#### What to work on:
Skip every picture, and copy exactly the lines from the one containing "測量結果對應的是一定表面年齡" to the end of the data.

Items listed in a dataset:

::::::::::

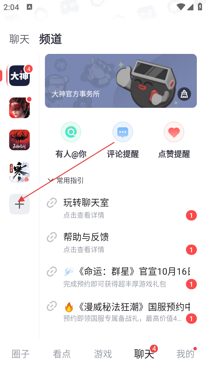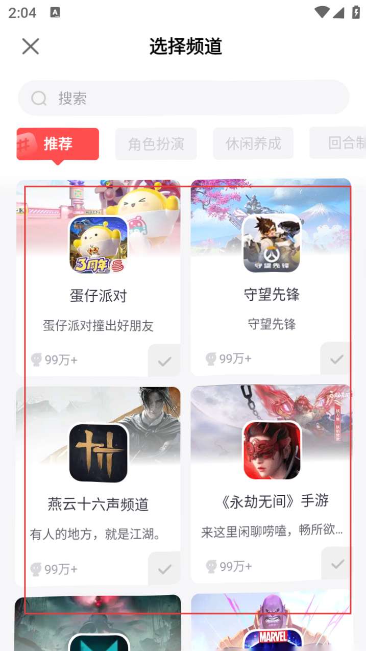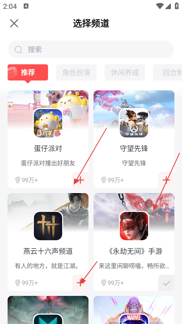 3、进入“选择频道”页面,在推荐的游戏频道中,找到想要添加的频道,点击频道下方的“+”号,即可添加该频道。
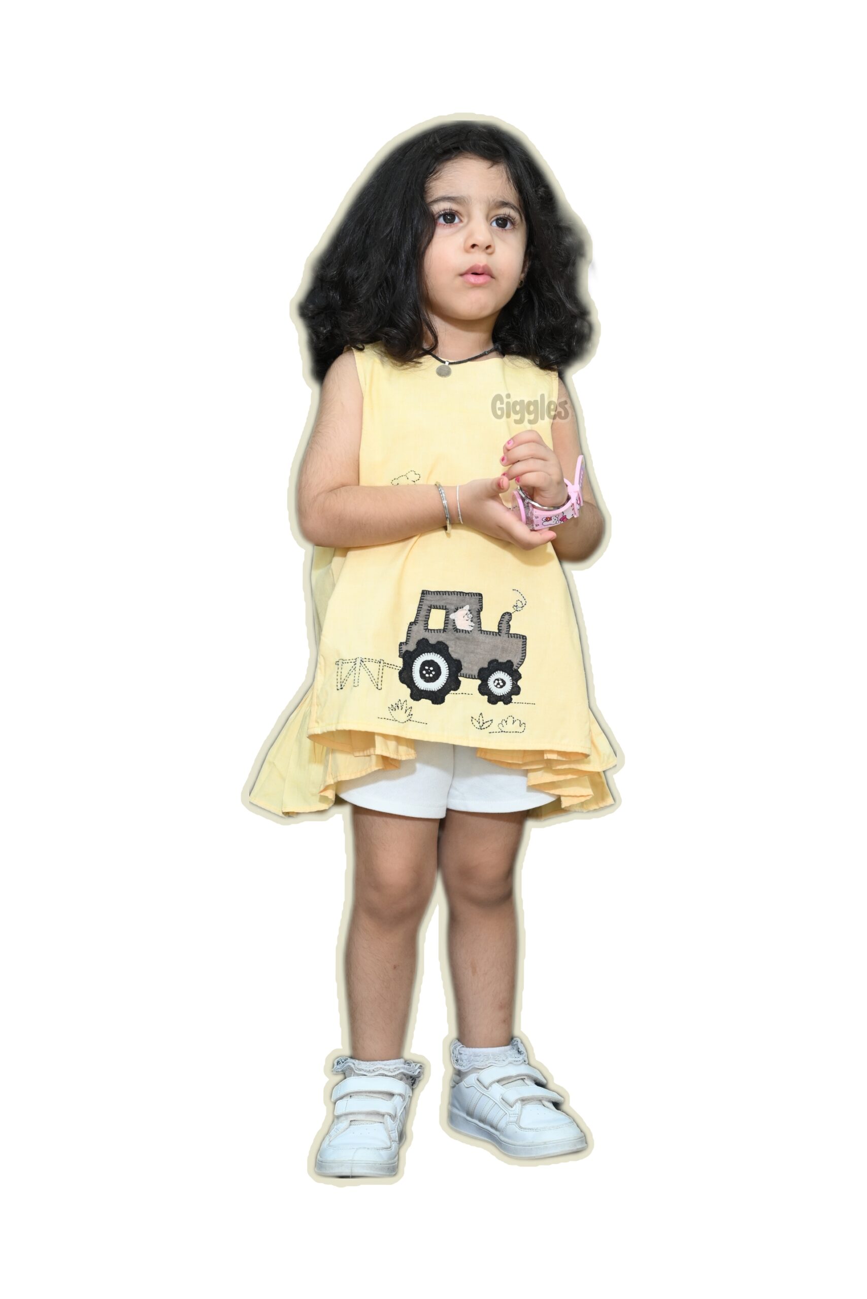 The pure cotton fabric ensures that comfort is never compromised, making it ideal for all the activities a casual birthday party might offer. The sleeveless cut and asymmetric pattern provide a modern twist to the co-ord set, while the pastel yellow color adds a cheerful pop that’s sure to stand out.
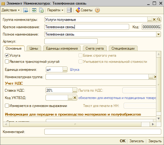 При заполнении справочника «Номенклатура» используем группу «Услуги получаемые».
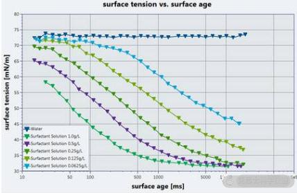 測量結果對應的是一定表面年齡下的表面張力,表面年齡為從氣泡開始產生到最大壓力之間的時間。表面張力對表面年齡的關系可以通過不同的鼓泡速度測出。
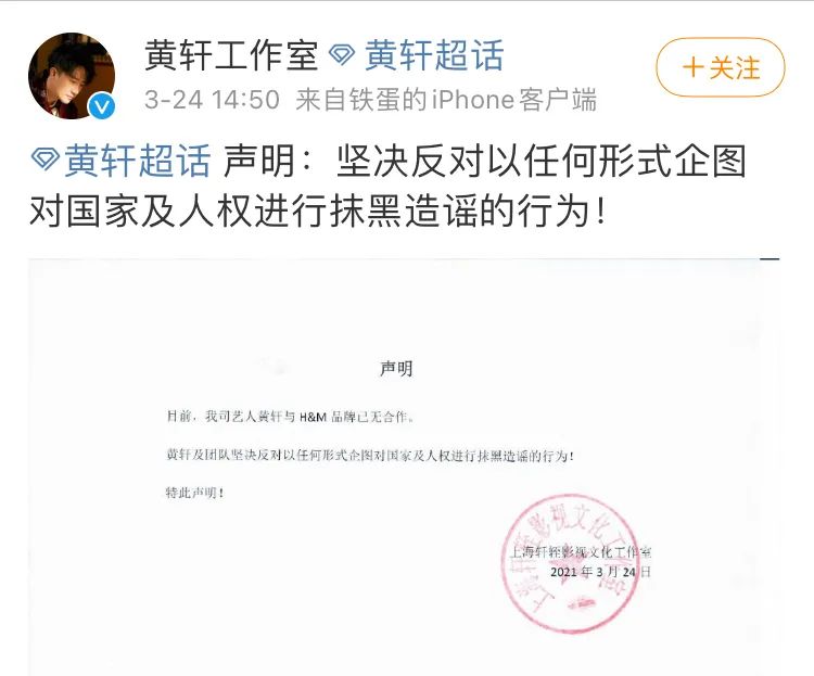 3月24日下午14时许,黄轩工作室发表声明称“目前,我司艺人黄轩与H&M品牌已无合作”。
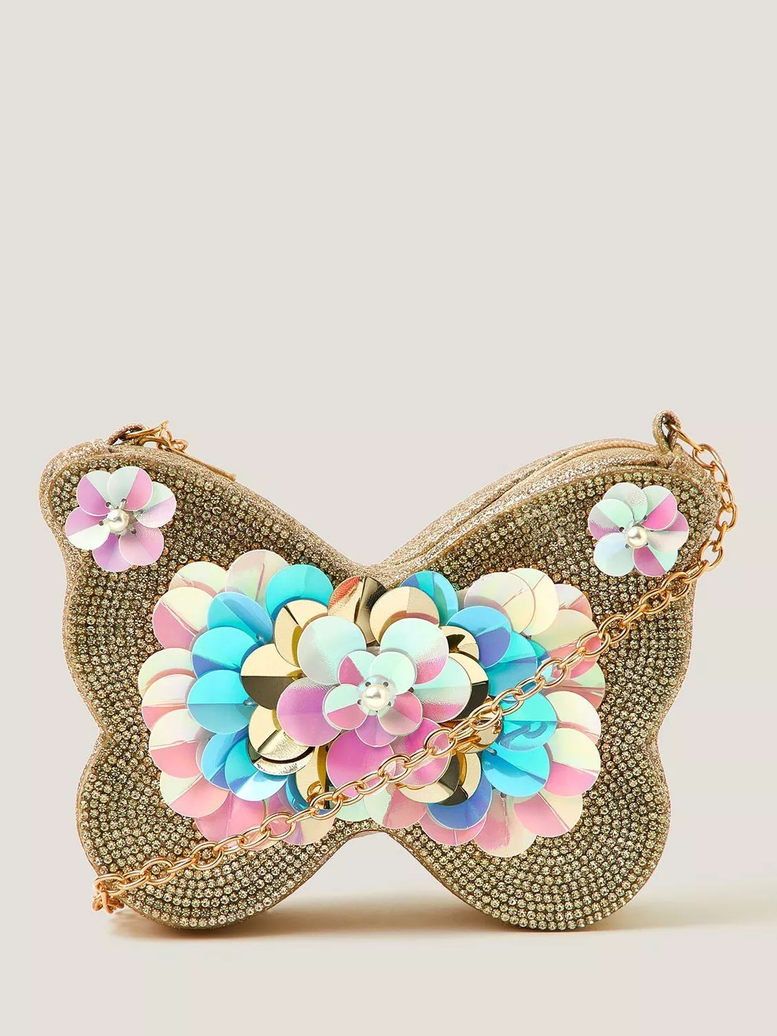 Shaped like a butterfly and embellished with gold rhinestones, iridescent sequins and pearly beads, this bag is the ultimate party accessory. Finished with a zip fastening and long chain strap.
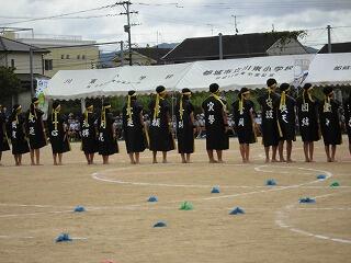 5・6年生は、オリンピック開会式にも使われた楽曲と共に入場し、ソーラン節を踊り切りました。法被の背中には、今まで一人一人準備して書いた文字がそれぞれ白く輝いていました。

::::::::::

#### Solved problem:
 測量結果對應的是一定表面年齡下的表面張力,表面年齡為從氣泡開始產生到最大壓力之間的時間。表面張力對表面年齡的關系可以通過不同的鼓泡速度測出。
 3月24日下午14时许,黄轩工作室发表声明称“目前,我司艺人黄轩与H&M品牌已无合作”。
 Shaped like a butterfly and embellished with gold rhinestones, iridescent sequins and pearly beads, this bag is the ultimate party accessory. Finished with a zip fastening and long chain strap.
 5・6年生は、オリンピック開会式にも使われた楽曲と共に入場し、ソーラン節を踊り切りました。法被の背中には、今まで一人一人準備して書いた文字がそれぞれ白く輝いていました。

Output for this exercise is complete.